| Here's a concrete example. Particular details are irrelevant and are intentionally absurd: Say I'm debugging my halting_problem_decider.cc when I get some obscure compiler error. Googling it, I somehow stumble on a site that offers all of Britney Spears's music for download--a true diamond in the rough for a true britney fan (assume I know nothing of bittorrent). I'm absolutely ecstatic, but since my boss wants the halting problem solved by lunchtime, I must restrain myself to bookmarking it for future enjoyment and return to work. Years later I'm looking for an mp3 version of "you drive me crazy" (still no bittorrent). By then I've forgotten all about the life-changing site I had discovered in my youth. So instead of going directly to it, I'm ignorantly wading through bait-and-switch-type ad-infested sites purporting to have my song for download. Meanwhile the site I need is uselessly taking up space in my bookmarks, never to be used again. In effect the problem is this: it's not enough to store useful resources if you don't remember to use them. Bookmarks store things, but they don't remind you of the things you've stored (address bar autocomplete is a first-approximation solution to this problem). Possible solution: Since my go-to place for anything is Google, why not bring my bookmarks to it? That way when I google "you drive me crazy mp3", the site I serendipitously found years ago will float at the top of the search results.
One possible implementation of this could use Google custom search to index personal bookmarks. But this would merely create a separate Google for your bookmarks instead of bringing your bookmarks to /The/ Google.

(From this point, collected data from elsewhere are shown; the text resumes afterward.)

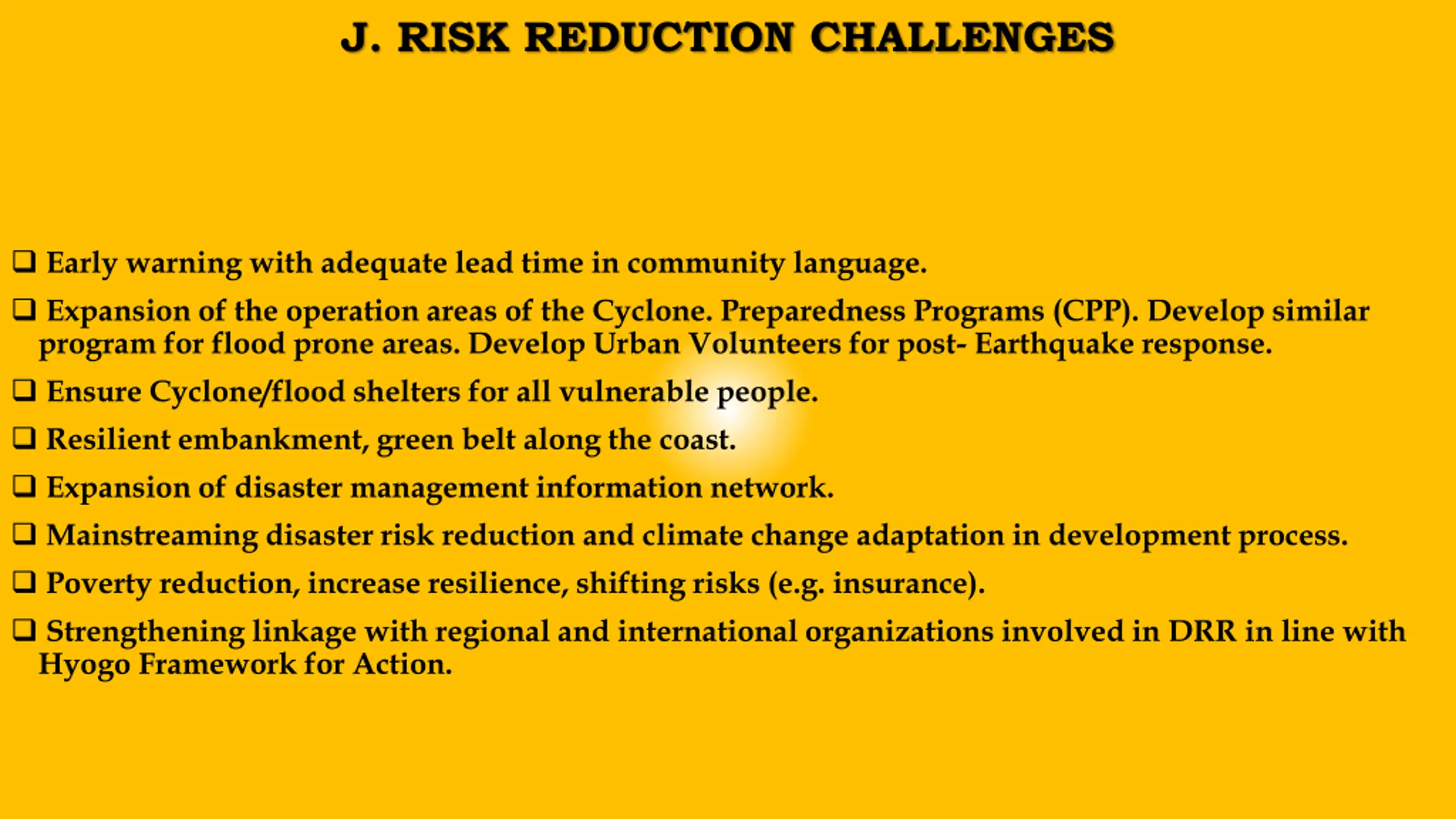 J. RISK REDUCTION CHALLENGES Early warning with adequate lead time in community language. Expansion of the operation areas of the Cyclone. Preparedness Programs (CPP). Develop similar program for flood prone areas. Develop Urban Volunteers for post- Earthquake response. Ensure Cyclone/flood shelters for all vulnerable people. Resilient embankment, green belt along the coast. Expansion of disaster management information network. Mainstreaming disaster risk reduction and climate change adaptation in development process. Poverty reduction, increase resilience, shifting risks (e.g. insurance). Strengthening linkage with regional and international organizations involved in DRR in line with Hyogo Framework for Action.
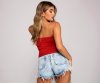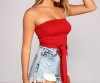 Tie yourself down with basics! This crop top is a total style staple that goes with all your favorite bottoms! The top features a strapless square neckline, a cropped hem with a tie waist accent, and is composed of a ribbed knit fabric. Complete the look with cutoff shorts and
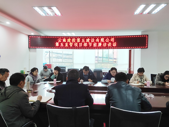 1月2日,第五直管項目部黨支部召開專題會議,開展節(jié)前廉潔談話。由黨支部書記對直管部領(lǐng)導(dǎo)班子成員、部門、項目部主要負(fù)責(zé)人、黨員、二線部門管理人員進(jìn)行了一次集中廉潔談話。會上,黨支部組織黨員集中學(xué)習(xí)了集團(tuán)印發(fā)的《云南省建設(shè)投資控股集團(tuán)有限公司紀(jì)委關(guān)于加強(qiáng)2019年元旦、春節(jié)期間紀(jì)律作風(fēng)建設(shè)的通知》。 黨支部要求黨員干部要進(jìn)一步強(qiáng)化紀(jì)律和規(guī)矩意識,緊繃思想作風(fēng)之弦,始終守住做人、處事、...

Another, more promising approach would be to use subscribed links (http://www.google.com/coop/docs/subscribedlinks). Before I waste a weekend on this only to reinvent the wheel: Anyone seen anything like this? Any suggestions? (and can you help me debug my halting problem solver?!!) |
An by these guys I mean: Pinboard, Diigo, Historious. And there are the less known: ScrapBook and Greplin. And the traditional, and weakest of all: Delicious
Problem: bookmarks from 3 years ago are hardly relevant. I have to clean my delicous from time to time, as these links not only go stale, but even if the did, they are just so horribly outdated, that the information is just not relevant. This does not happen to all of them.
Deciding which is which is the really interesting part. Even on Google now I often find myself pruning things that are more than 2 years old. But they can just give a higher weight to its freshness score (something they showed that is very important to them on their paper on Percolator).